Pictures in the records below must be left out. Return exactly the lines from the line with "एकत्रीकरण के पश्चात" to the line with "Säljer en mörkblå", both included.

● Task input

== Segment start ==

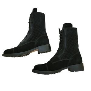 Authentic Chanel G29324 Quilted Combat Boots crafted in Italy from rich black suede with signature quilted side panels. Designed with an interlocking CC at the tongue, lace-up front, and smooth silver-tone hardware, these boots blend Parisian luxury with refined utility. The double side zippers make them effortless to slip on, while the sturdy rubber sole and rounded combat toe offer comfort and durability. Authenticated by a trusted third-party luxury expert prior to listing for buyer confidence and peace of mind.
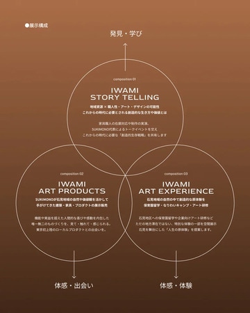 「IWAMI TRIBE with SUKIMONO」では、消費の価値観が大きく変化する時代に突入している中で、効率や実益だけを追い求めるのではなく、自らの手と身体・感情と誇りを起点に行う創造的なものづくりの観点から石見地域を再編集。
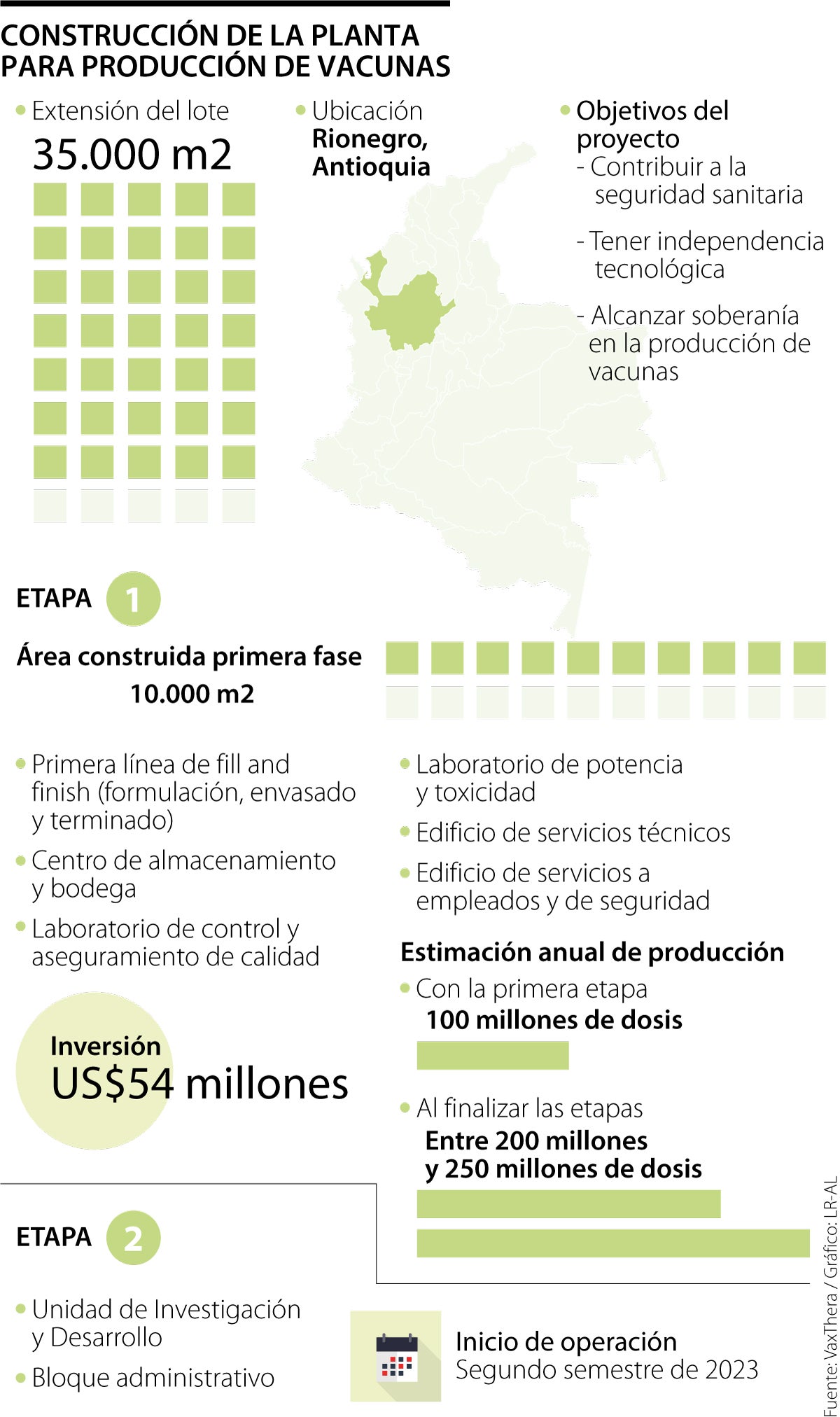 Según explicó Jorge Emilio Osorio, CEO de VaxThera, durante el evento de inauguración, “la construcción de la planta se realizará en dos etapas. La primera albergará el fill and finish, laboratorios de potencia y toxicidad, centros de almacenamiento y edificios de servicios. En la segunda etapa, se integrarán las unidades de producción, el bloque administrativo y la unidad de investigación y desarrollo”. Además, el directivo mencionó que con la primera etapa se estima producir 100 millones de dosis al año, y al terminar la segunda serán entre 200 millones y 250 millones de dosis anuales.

== Segment end ==
== Segment start ==

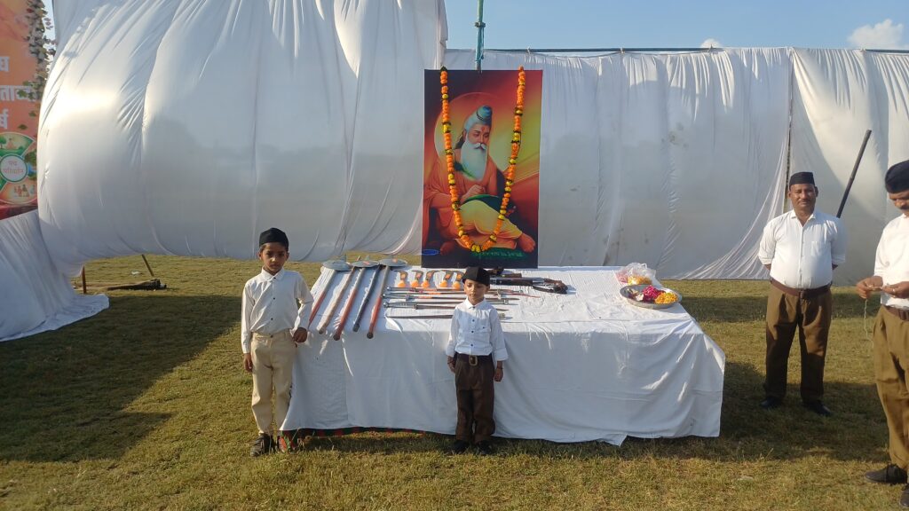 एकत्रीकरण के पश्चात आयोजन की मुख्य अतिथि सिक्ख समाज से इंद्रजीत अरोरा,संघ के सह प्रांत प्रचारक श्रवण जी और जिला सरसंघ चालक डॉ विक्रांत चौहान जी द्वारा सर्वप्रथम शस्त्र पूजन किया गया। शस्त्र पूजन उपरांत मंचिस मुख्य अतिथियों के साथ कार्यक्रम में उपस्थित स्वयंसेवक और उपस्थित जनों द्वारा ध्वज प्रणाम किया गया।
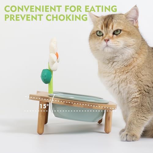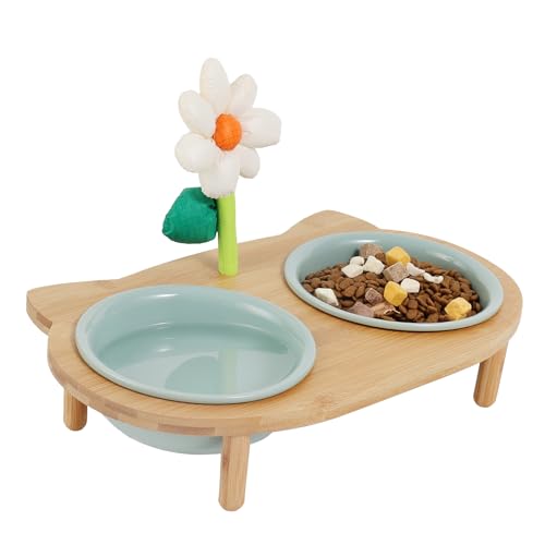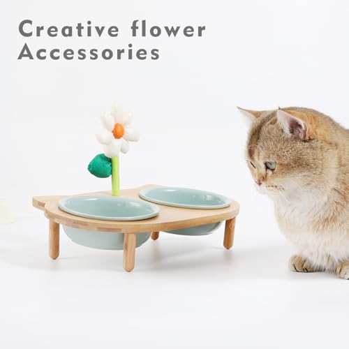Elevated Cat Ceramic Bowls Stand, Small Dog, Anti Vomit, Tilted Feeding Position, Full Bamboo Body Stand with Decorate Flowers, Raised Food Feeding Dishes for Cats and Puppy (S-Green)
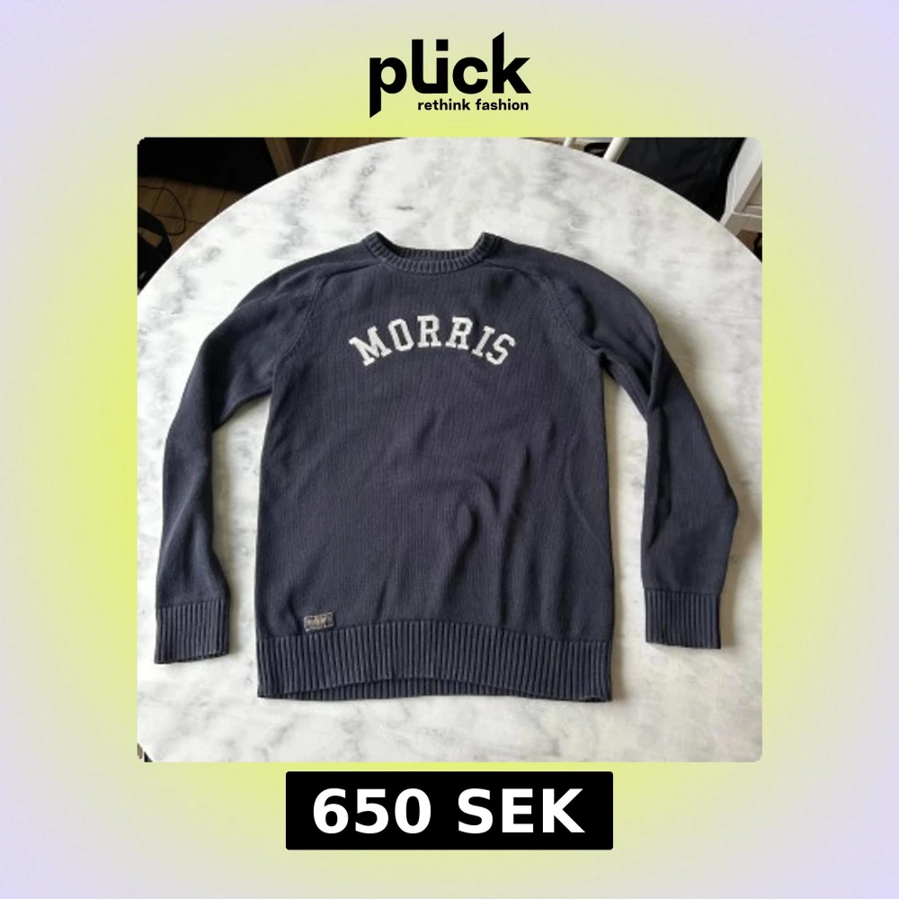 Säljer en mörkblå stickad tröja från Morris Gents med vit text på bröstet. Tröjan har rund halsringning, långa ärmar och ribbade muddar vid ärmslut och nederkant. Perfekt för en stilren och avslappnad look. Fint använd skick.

== Segment end ==

● Task answer
 एकत्रीकरण के पश्चात आयोजन की मुख्य अतिथि सिक्ख समाज से इंद्रजीत अरोरा,संघ के सह प्रांत प्रचारक श्रवण जी और जिला सरसंघ चालक डॉ विक्रांत चौहान जी द्वारा सर्वप्रथम शस्त्र पूजन किया गया। शस्त्र पूजन उपरांत मंचिस मुख्य अतिथियों के साथ कार्यक्रम में उपस्थित स्वयंसेवक और उपस्थित जनों द्वारा ध्वज प्रणाम किया गया।
Elevated Cat Ceramic Bowls Stand, Small Dog, Anti Vomit, Tilted Feeding Position, Full Bamboo Body Stand with Decorate Flowers, Raised Food Feeding Dishes for Cats and Puppy (S-Green)
 Säljer en mörkblå stickad tröja från Morris Gents med vit text på bröstet. Tröjan har rund halsringning, långa ärmar och ribbade muddar vid ärmslut och nederkant. Perfekt för en stilren och avslappnad look. Fint använd skick.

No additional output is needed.